Peter saß neben ihr im Auto. Die Weihnachtsferien hatten angefangen und er durfte heute mal wieder mit ihr mitfahren. Der Wagen bog in eine verwunschene kleine Straße ein, die von der breiten Landstraße rechtwinklig abzweigte. Laras Mutter drosselte die Geschwindigkeit. Über den holprigen und dazu auch noch verschneiten Weg konnte man nur im Schritttempo fahren. Sie fluchte leise vor sich hin, weil ihr Vater immer noch so weit draußen und dazu auch noch ohne richtige Straße wohnte.

Sie war in diesem Haus aufgewachsen, mochte es aber nicht besonders. Im Winter war es darin früher immer bitter kalt gewesen, da ihr Vater ständig vergaß, Holz zu machen. Eine Zentralheizung gab es damals noch nicht. Sie wurde erst später installiert. Ein Glück, ansonsten hätte sie ihre Tochter hier keine Stunde gelassen. Zumindest nicht im Winter.

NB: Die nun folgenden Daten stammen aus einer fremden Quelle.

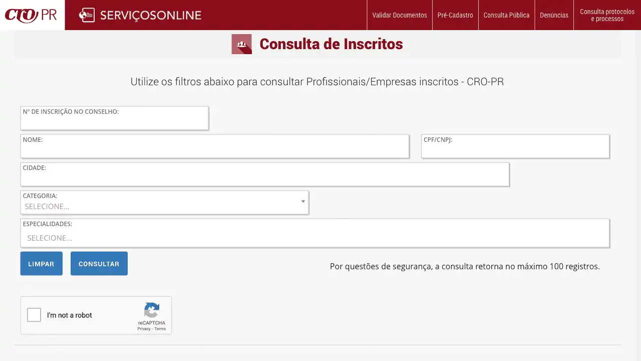 Consulta cadastral de profissionais inscritos no CRO/PR.

Vorne sah man endlich das kleine Häuschen. Tannen standen ringsherum und trugen schwer an ihren Schneekappen. Manche Äste sahen bedrohlich überladen aus. Lara schaute aus dem Autofenster. Zwischen dem Geäst sah sie plötzlich zwei Gestalten. Ganz in schwarz gekleidet mit großen Kapuzen. Irgendwie kamen sie ihr bekannt vor. Die hatte sie doch schon mal gesehen! Lara zuckte zusammen. Sie erkannte sie wieder. Für einen kurzen Moment blickte sie zu Peter. Als sie den Kopf wieder drehte und nach draußen schaute, waren die Gestalten verschwunden. Ein Schauder lief ihr über den Rücken.

Das Auto kam vor dem Haus zum Stehen. Der Großvater öffnete die Haustür. Man sah ihm die Freude über die Ankunft seiner Besucher an. Für seine 75 Jahre hatte er sich gut gehalten. Er war immer noch ziemlich drahtig, ging aber schon etwas gebückt.

„Hallo!“ rief er den Ankommenden zu, noch ehe sie richtig ausgestiegen waren. Die Mutter begrüßte ihren Vater mit einer kurzen Umarmung, musste aber gleich weiter und übergab die beiden Kinder für den Rest des Tages ihrem Vater. „Ich bin um 18.00 Uhr wieder da. Benehmt Euch! Und viel Spaß!“

Schon saß sie wieder in ihrem Auto, das hier ziemlich deplatziert aussah. Langsam ruckelte sie leise fluchend wieder der Landstraße entgegen und verschwand hinter einer Biegung.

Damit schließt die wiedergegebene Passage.